My Place or Yours? (Or a story from the hell of trying to buy a house in Phoenix)
As most of you know, the Cornerstone Mother Ship resides in the Land of the Sun in glorious Scottsdale, Ariz. And for those of you in colder climates, we are always ready to greet you here at our offices if you need a break from the snow. Up until this spring, I had actually worked remotely from my Kansas “office.” It wasn’t unusual for me to watch house prices decline in the greater Phoenix area at the same inverse rate as snow increased outside my windows on the prairies in Kansas. After much internal conflict, I finally decided that I had to look for a house closer to work and higher temps.
This story is about one man’s journey to buy a house in the post “financial meltdown” from the consumer’s viewpoint and to see if greater conclusions can be drawn.
I started looking for a house in Phoenix in February of this year. I chose a Realtor based on recommendations from my friends, and she turned out to be a real sweetheart. She gave me access to the MLS listings, I scheduled a trip to Phoenix, and right before the trip I picked out 20 houses under $150k that I wanted to see. My thinking was that I would look for a bargain since I was keeping my home in Kansas. So I show up in Phoenix, meet the Realtor and run into the first problem. All of the houses are gone in the two days between the time I picked them and I met the Realtor. Apparently if you don’t start in the $175k and up range, the houses are all going to the cash investors. So then I notice that every listing, no matter the price, is approximately 50% of its one time high. I decide I may just as well go up the property ladder, right? After all, this is still America. Land of the free (and easy credit). I raise the limit to $300k and all of a sudden I can go shopping for houses.

I decide I am going to pay 20% down for the house, get a loan and take advantage of the dirt cheap rates (3.75% for a 15 year fixed at the time). So I have a bank in mind to make the loan. The Realtor gets a puzzled look on her face and says she really isn’t sure how to do that. All sales in this area go through brokers/loan agents. She had been in the business forever and never worked with a bank. And of course she has a broker she “works with.” And a handyman. And an inspector. And an insurance agent. And an appraiser. I mean this is serious one-stop shopping. So I am like, well if they can meet the same loan rates as my bank and it will speed up the process, no problem. Maybe that was a bad decision. I fill out the loan docs, put down my financials, send them in and get a quick response. My loan is going to be approved subject to “additional documentation.” Oh, did I tell you this was a Fannie Mae foreclosure? That means I have to use their selected title company to get discounted title fees.
Then I start to get bombarded with requests for information from the lender. Not the typical W2s, statements, etc. I mean really creative documents. Like they want a check stub proving that I paid my 2011 taxes when it is only February of 2011. Then they wanted a W4 that showed I had moved to Arizona. Which brings up a great question: who is going to relocate to another state before they buy a house? They want a copy of every paycheck and a bank statement every week from the loan app until closing. Did I mention that my bank doesn’t give out weekly bank statements? And then there are my personal favorites: the documents they didn’t ask for, which include any of my retirement accounts, deposit accounts, or documentation that I owned another house.

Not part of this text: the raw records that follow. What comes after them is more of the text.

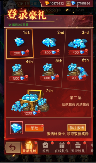 福利系统是游戏给予玩家免费福利的系统,福利方式包括登陆豪礼、签到、在线礼包、邀请码等。
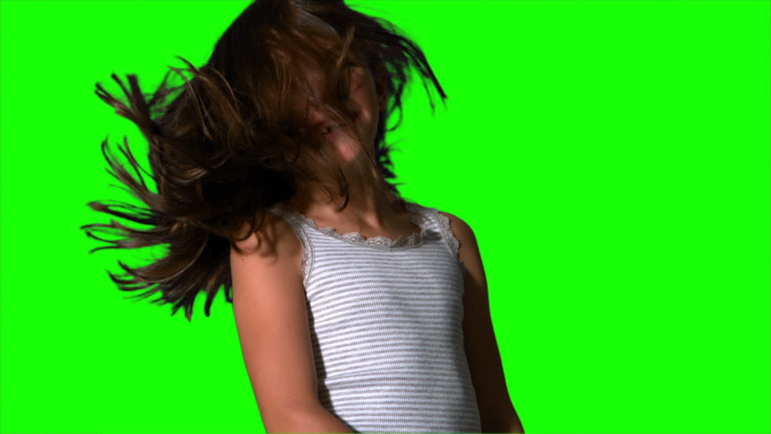 A young girl tossing her hair on a vibrant green screen background, capturing momentary movement with flair. Perfect for editing purposes in video projects, commercials featuring playful energy, or demonstrating hair-related products in promotions aimed at vibrant, carefree childhood themes.
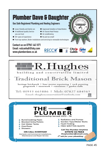 Gas Safe Registered Plumbing and Heating EngineersPlumber Dave & Daughter%uf06e Local, friendly and family run%uf06e A traditional quality Service you can trust%uf06e 30+ years of experience%uf06e Approved Installers of Ideal Boilers%uf06e Air Source Heat Pumps%uf06e Air conditioning%uf06e No job too small!Contact us on 07961 441 871 Email: vulcanhall@sky.com www.plumberdave.co.uk%uf06e From tap washers, Boiler installations and servicing to renewable technologiesPAGE 45

So being in banking since the ’80s, at some point I have to ask the broker/loan agent what is up with all the crazy documentation requests? With my credit rating, down payment and assets, why am I being asked to do this? The responses are somewhat revealing. Many of these were related to me with lungs wide open:
- In a post financial meltdown world, the lender trusts no one.
- The loan processing agent/underwriter is Queen/King for a day. She/he decides what to request, whether to approve the loan, and the loan agent has no say. Period.
- The lender is scared to death that he/she will be forced to buy back the loan so they want to show they have done their homework.
- They won’t use assets they don’t need to get the loan approved. It just increases their work. They select the assets you have to put on the loan app and they verify those.
- The underwriter is just guessing at who is going to buy the loan or what the purchasers of the loan may push back on.
So I stay the course through more adversity than you can imagine and close on the house. I take possession and note that my house has been sold to Bank of America before the first week is out. I am now making payments to someone I don’t know and never will see and would never have gone to for a loan.
And then everyone wonders why real estate is dragging. It’s not the supply and demand. There is plenty of supply, and while our capitalistic society isn’t perfect, I think there is still demand strong enough for a buyer and a seller to get together. It’s this stupid lending process. A National Association of Realtors’ survey found 15% of real estate agents said their last contract didn’t close because the buyer couldn’t get a loan. If one contract doesn’t close, it often drags another contract or more down with it. The Federal Reserve is now saying that lending is getting too tough. But from my point of view it wasn’t the traditional lending standards, i.e. loan to value and ability to pay, that were too tough. It was the lending process. No one ever questioned my ability to pay. They were questioning my ability to PROVE I COULD PAY to the person they were guessing they would be selling the loan to.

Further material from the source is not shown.